### [DATA SHOWN]
Start of Block

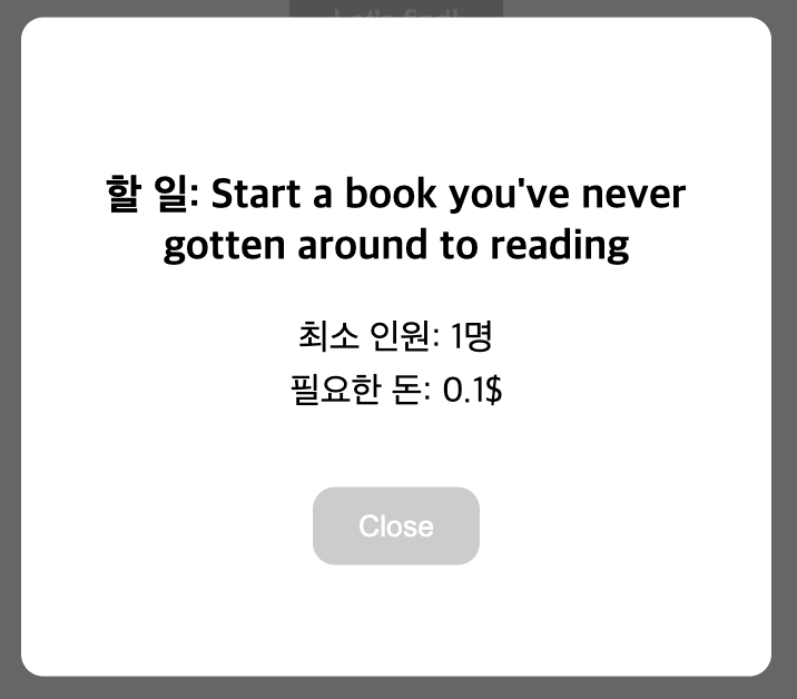 첫 화면에서 Let's find!라는 버튼을 누르면 모달이 뜨고, 잠깐의 로딩을 거쳐 할 일에 대한 정보를 유저에게 보여준다.
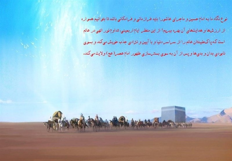 بنابراین، نوع نگاه ما به امام حسین و ماجرای عاشورا باید فرازمانی و فرامکانی باشد تا بتوانیم همواره از ارزش‌ها و هدایت‌های آن بهره ببریم؛ کسانی که از منظر «نور» به اهل‌بیت و امام‌حسین می‌نگرند، افرادی‌اند که زمینه بهره از هدایت‌های حسینی را برای خویش فراهم می‌کنند؛ برای چنین افراد مؤمنی، این روایت نبوی به‌صورت ملموس نمود دارد که فرمود: «إنَّ الحَُسین مِصباح‏ُ الهُدَى‏ و سَفینةُ النَّجاة» و این نور نه‌فقط منحصر در سال 61 هجری، بلکه نوری پیوسته جاری در تمام تاریخ گذشته و آینده است. برای چنین افرادی ایام اربعین، تداوم نور الهی در عالم است که آغاز آن به جریان عاشورا و کربلا بازمی‌گردد؛‌ نوری که پاک‌طینتان عالم را از سراسر دنیا و با هر دین و آیین و نژادی جذب خویش می‌کند و به‌سوی نابودی بدان و بدی‌ها و پس از آن به‌سوی بسترسازی ظهور امام عصر(عج) هدایت می‌کند.
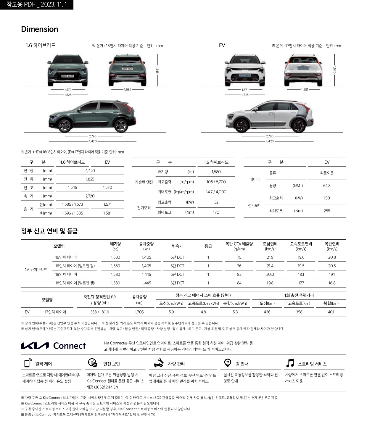 니로 및 니로 EV의 크기, 제원(스펙) 및 연비 자료입니다.
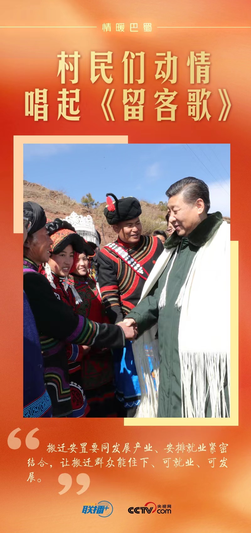總書記離開村子時(shí),身著彝族盛裝的鄉(xiāng)親們排起長(zhǎng)隊(duì)。村黨支部書記代表全村人向總書記獻(xiàn)上彝族傳統(tǒng)服飾查爾瓦,表達(dá)對(duì)總書記的愛戴之情。人群中有人唱起彝族民歌《留客歌》,鄉(xiāng)親們都跟著唱起來(lái)……掌聲、歌聲、歡呼聲在村子里久久回蕩。
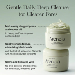 Arencia Fresh Green Rice Mochi Cleanser is a gentle exfoliating foaming cleanser crafted using an artisanal process that takes up to 170 hours to complete. Designed especially for oily, combination, and acne-prone skin, this cleanser effectively removes excess sebum, impurities, and blackheads while protecting the skin’s natural moisture barrier.
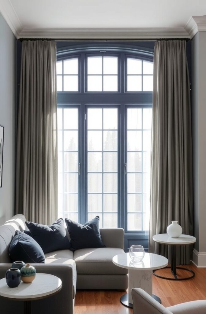 Instead of the usual white trim, paint your window frames navy. It adds structure, like eyeliner for your walls. Then hang soft grey sheers that catch the wind gently.
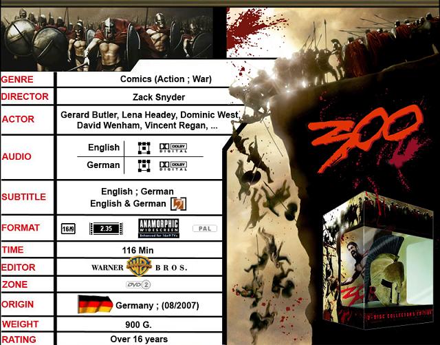 Besonderheiten: Zack Snyders Actionepos 300, Verfilmung des gleichnamigen Graphic Novel von Frank Miller, zählt mit seinem weltweiten Einspielergebnis von über 445 Millionen US- Dollar zu den erfolgreichsten Kinofilmen 2007. Um diesen Erfolg keinen Abbruch zu tun, veröffentlicht Warner Bros. gleich 5 verschiedene Versionen auf drei Formate (Blu- Ray, HD DVD & DVD).
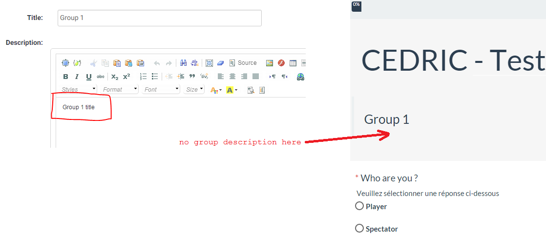 | Description | Go to : Survey properties > General settings & texts If this parameter has "Show both" value or "Show group description only" value, group description is hidden, regardless template ("default", "news_paper", "ubuntu_orange"). See .lsa and screenshot in attached files. | ||||
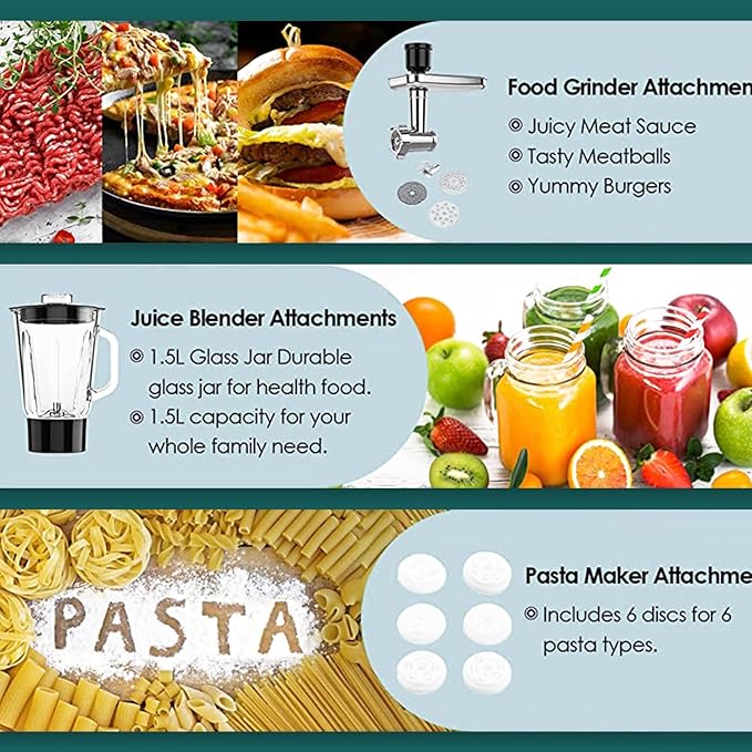 - MULTIPURPOSE ATTACHMENT HUB---By adding accessories such as pasta machine, juicer, food grinder, biscuit press, vegetable slicer and other accessories, you can diversify your cooking and baking skills and become an exquisite baker. Each individually included in the package with our food mixer

End of Block

### [WORK REQUEST]
Write out only the lines from the line containing "files. | ||||" through the end of the material above, both end lines included. Pictures are not written out.

### [ANSWER BOX]
 | Description | Go to : Survey properties > General settings & texts If this parameter has "Show both" value or "Show group description only" value, group description is hidden, regardless template ("default", "news_paper", "ubuntu_orange"). See .lsa and screenshot in attached files. | ||||
 - MULTIPURPOSE ATTACHMENT HUB---By adding accessories such as pasta machine, juicer, food grinder, biscuit press, vegetable slicer and other accessories, you can diversify your cooking and baking skills and become an exquisite baker. Each individually included in the package with our food mixer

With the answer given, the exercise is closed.